_RECORDS TO PROCESS:_
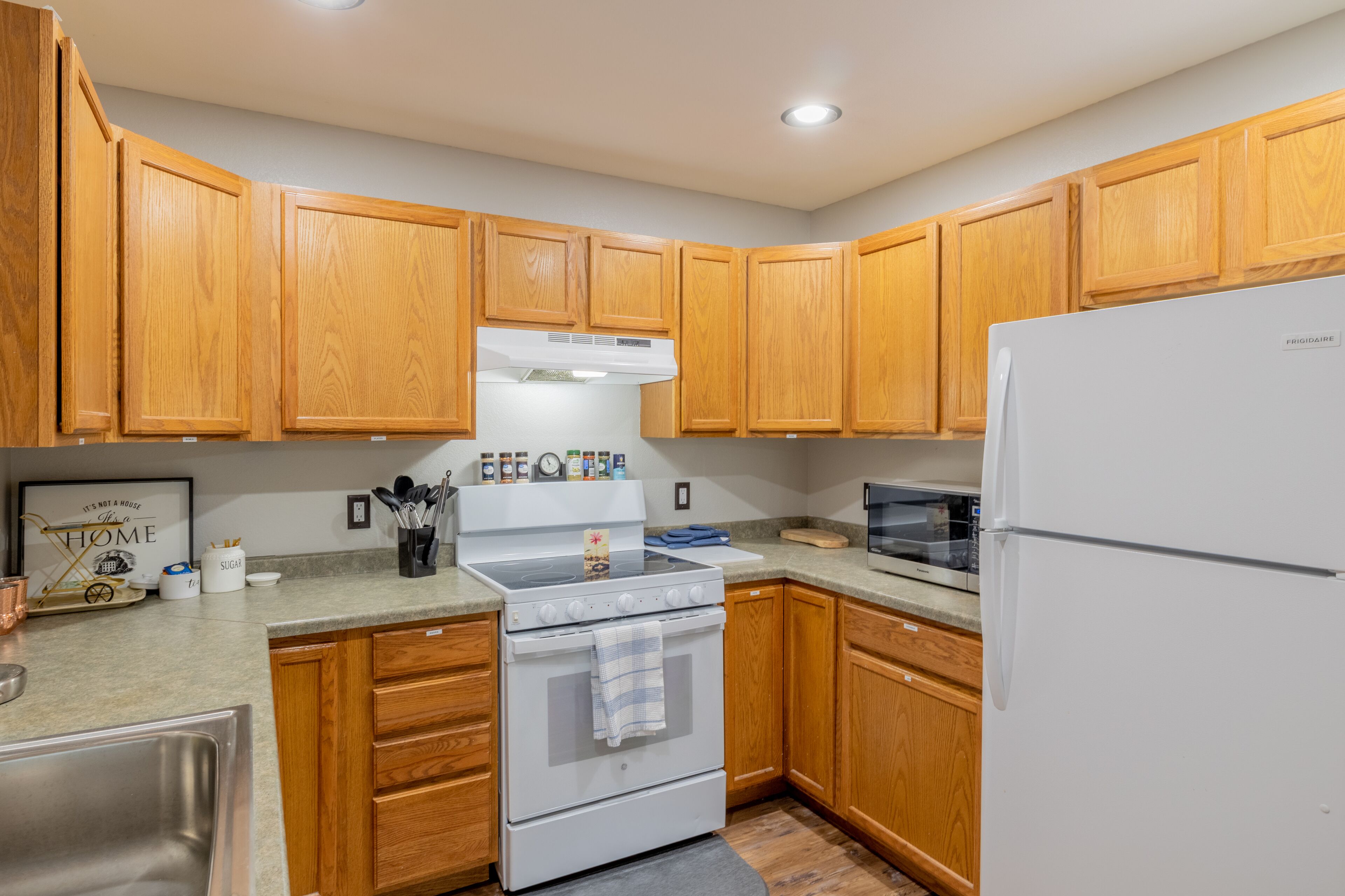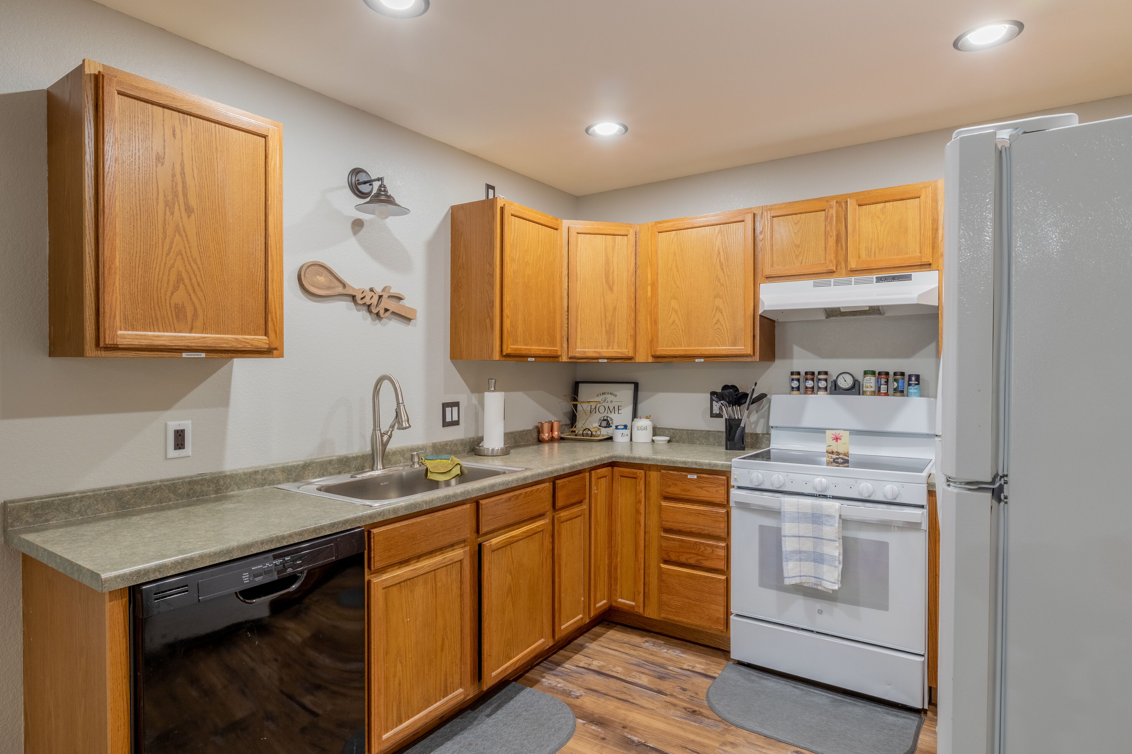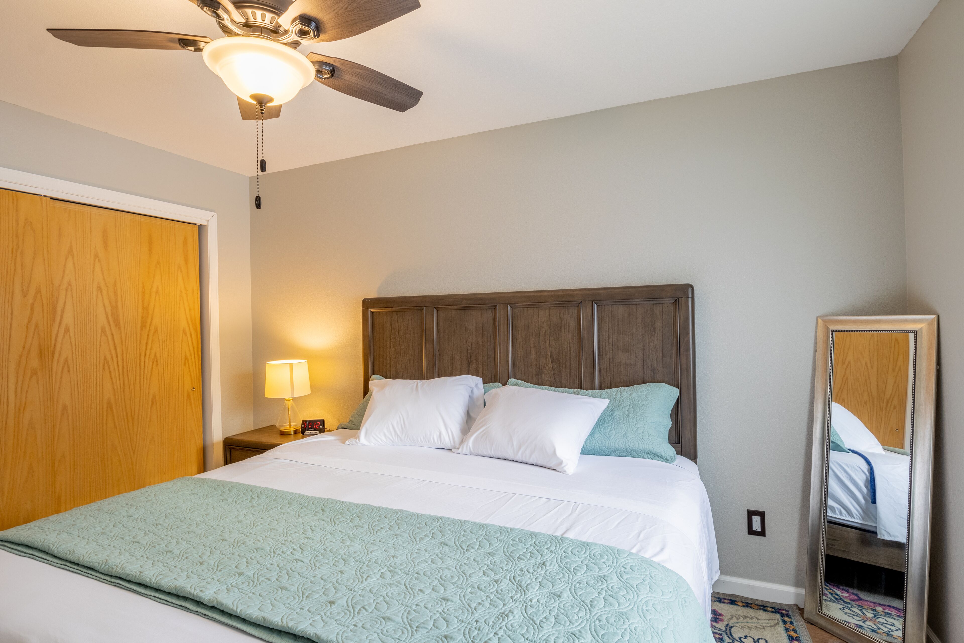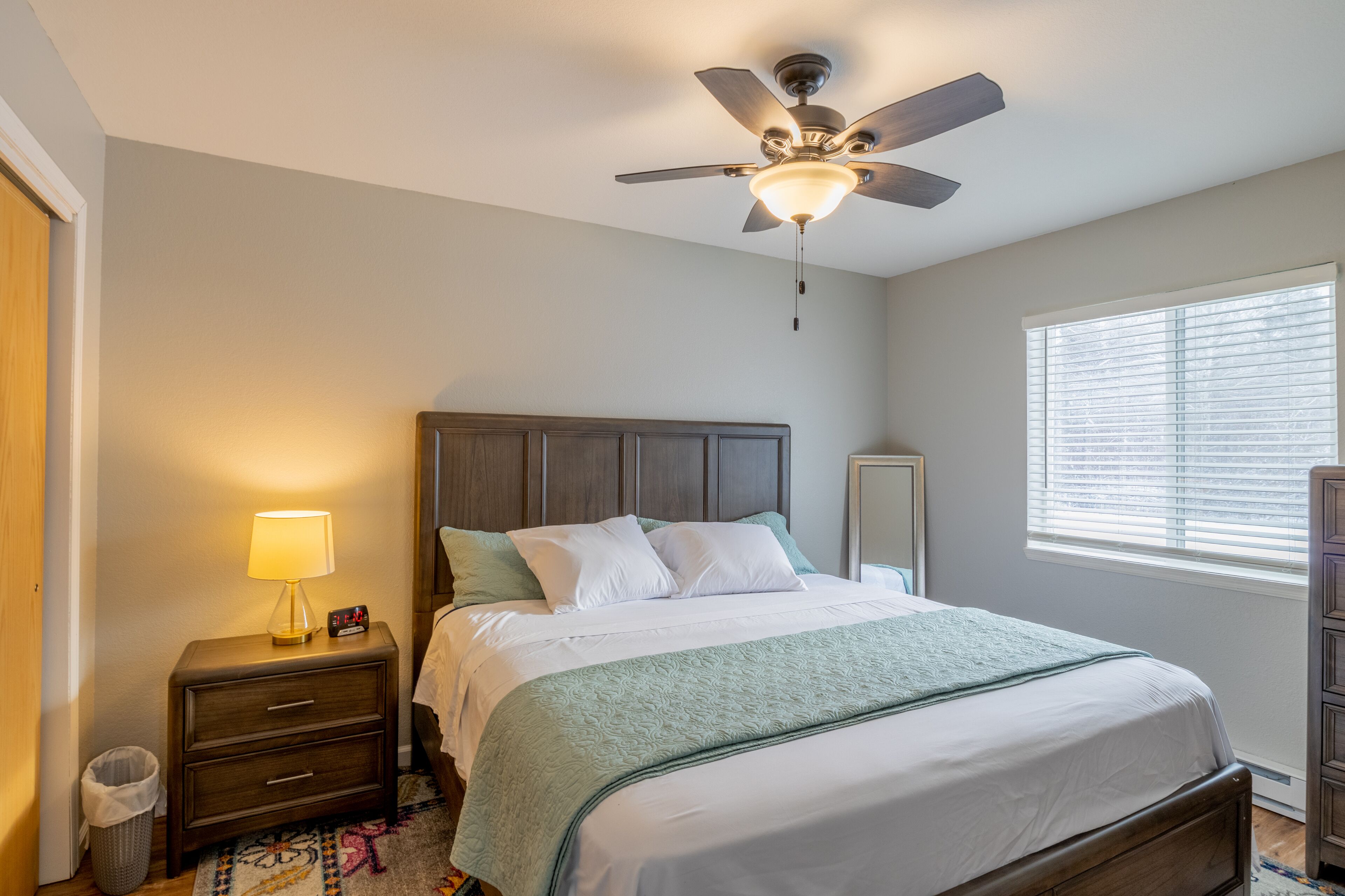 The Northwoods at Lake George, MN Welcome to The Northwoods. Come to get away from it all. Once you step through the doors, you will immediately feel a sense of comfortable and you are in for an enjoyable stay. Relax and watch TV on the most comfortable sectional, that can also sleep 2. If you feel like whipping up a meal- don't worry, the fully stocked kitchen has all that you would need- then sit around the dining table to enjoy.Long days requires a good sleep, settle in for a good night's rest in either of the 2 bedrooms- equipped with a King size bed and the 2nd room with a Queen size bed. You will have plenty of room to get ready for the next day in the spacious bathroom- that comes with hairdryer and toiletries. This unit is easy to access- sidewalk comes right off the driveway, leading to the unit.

==

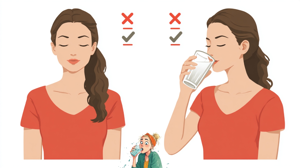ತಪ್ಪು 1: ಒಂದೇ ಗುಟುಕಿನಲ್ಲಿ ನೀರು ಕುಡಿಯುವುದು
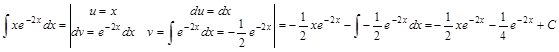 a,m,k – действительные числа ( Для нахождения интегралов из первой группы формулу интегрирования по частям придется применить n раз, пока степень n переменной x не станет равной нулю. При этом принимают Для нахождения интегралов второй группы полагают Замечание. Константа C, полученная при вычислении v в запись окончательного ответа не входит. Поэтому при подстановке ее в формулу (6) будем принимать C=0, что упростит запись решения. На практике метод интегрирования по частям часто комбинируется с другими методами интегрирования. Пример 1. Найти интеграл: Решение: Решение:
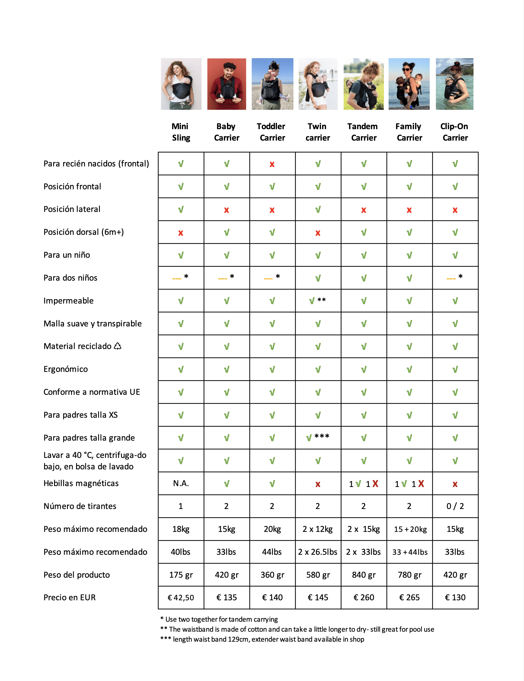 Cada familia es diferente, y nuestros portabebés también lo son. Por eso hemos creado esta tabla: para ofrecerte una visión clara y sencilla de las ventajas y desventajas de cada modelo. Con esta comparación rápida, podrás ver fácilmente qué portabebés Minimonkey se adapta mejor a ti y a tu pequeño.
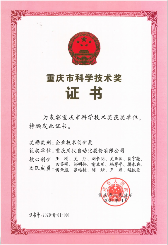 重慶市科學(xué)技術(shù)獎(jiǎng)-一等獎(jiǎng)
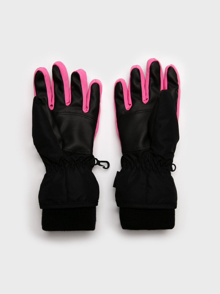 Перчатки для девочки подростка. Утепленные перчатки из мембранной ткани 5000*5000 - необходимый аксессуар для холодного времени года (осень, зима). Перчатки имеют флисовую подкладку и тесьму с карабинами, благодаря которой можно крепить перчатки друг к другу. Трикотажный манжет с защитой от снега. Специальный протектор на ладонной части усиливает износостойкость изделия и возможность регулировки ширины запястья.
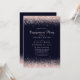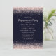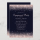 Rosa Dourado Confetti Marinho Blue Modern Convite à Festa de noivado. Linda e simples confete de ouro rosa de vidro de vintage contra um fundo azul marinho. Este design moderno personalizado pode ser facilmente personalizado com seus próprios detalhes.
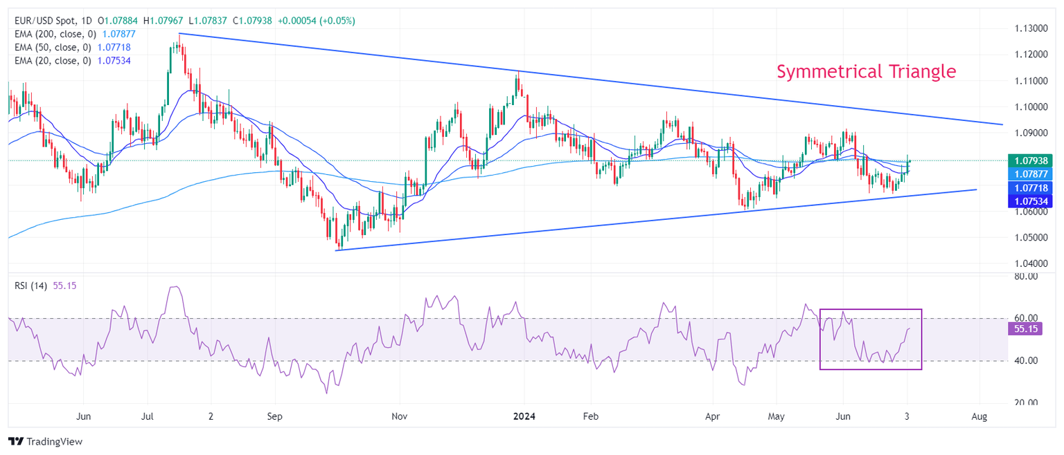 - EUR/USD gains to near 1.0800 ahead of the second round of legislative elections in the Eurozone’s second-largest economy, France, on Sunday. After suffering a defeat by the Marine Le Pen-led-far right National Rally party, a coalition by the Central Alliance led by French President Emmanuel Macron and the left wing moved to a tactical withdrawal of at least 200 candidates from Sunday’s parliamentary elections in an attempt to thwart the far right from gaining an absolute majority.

==

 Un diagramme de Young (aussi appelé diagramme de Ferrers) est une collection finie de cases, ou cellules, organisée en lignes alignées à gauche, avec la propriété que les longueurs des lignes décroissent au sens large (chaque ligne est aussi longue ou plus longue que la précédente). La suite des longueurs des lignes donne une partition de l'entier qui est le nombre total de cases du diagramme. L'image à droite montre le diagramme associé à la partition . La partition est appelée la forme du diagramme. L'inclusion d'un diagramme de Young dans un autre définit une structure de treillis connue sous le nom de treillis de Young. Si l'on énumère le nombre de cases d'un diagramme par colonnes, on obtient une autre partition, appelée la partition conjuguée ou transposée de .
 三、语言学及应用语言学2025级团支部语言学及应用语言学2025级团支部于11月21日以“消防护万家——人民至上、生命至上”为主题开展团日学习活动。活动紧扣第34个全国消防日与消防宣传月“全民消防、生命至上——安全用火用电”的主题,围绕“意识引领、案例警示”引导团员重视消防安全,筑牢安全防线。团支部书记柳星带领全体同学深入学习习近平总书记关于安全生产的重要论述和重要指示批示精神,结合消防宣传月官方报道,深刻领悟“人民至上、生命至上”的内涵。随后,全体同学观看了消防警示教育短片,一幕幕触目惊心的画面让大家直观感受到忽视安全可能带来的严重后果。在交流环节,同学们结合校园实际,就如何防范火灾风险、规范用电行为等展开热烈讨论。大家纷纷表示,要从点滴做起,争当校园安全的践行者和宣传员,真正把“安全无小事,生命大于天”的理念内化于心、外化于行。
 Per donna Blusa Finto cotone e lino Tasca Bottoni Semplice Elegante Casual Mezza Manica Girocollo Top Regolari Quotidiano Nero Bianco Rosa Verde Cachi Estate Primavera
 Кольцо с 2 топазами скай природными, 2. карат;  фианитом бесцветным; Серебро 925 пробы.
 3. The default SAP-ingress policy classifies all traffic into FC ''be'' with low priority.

_YOUR GOAL:_
Within the material above, only the stretch from the line holding "ತಪ್ಪು 1: ಒಂದೇ ಗುಟುಕಿನಲ್ಲಿ ನೀರು ಕುಡಿಯುವುದು" through the line holding "- EUR/USD gains" is to be restated exactly. Pictures are dropped.

_TASK ANSWER:_
ತಪ್ಪು 1: ಒಂದೇ ಗುಟುಕಿನಲ್ಲಿ ನೀರು ಕುಡಿಯುವುದು
 a,m,k – действительные числа ( Для нахождения интегралов из первой группы формулу интегрирования по частям придется применить n раз, пока степень n переменной x не станет равной нулю. При этом принимают Для нахождения интегралов второй группы полагают Замечание. Константа C, полученная при вычислении v в запись окончательного ответа не входит. Поэтому при подстановке ее в формулу (6) будем принимать C=0, что упростит запись решения. На практике метод интегрирования по частям часто комбинируется с другими методами интегрирования. Пример 1. Найти интеграл: Решение: Решение:
 Cada familia es diferente, y nuestros portabebés también lo son. Por eso hemos creado esta tabla: para ofrecerte una visión clara y sencilla de las ventajas y desventajas de cada modelo. Con esta comparación rápida, podrás ver fácilmente qué portabebés Minimonkey se adapta mejor a ti y a tu pequeño.
 重慶市科學(xué)技術(shù)獎(jiǎng)-一等獎(jiǎng)
 Перчатки для девочки подростка. Утепленные перчатки из мембранной ткани 5000*5000 - необходимый аксессуар для холодного времени года (осень, зима). Перчатки имеют флисовую подкладку и тесьму с карабинами, благодаря которой можно крепить перчатки друг к другу. Трикотажный манжет с защитой от снега. Специальный протектор на ладонной части усиливает износостойкость изделия и возможность регулировки ширины запястья.
 Rosa Dourado Confetti Marinho Blue Modern Convite à Festa de noivado. Linda e simples confete de ouro rosa de vidro de vintage contra um fundo azul marinho. Este design moderno personalizado pode ser facilmente personalizado com seus próprios detalhes.
 - EUR/USD gains to near 1.0800 ahead of the second round of legislative elections in the Eurozone’s second-largest economy, France, on Sunday. After suffering a defeat by the Marine Le Pen-led-far right National Rally party, a coalition by the Central Alliance led by French President Emmanuel Macron and the left wing moved to a tactical withdrawal of at least 200 candidates from Sunday’s parliamentary elections in an attempt to thwart the far right from gaining an absolute majority.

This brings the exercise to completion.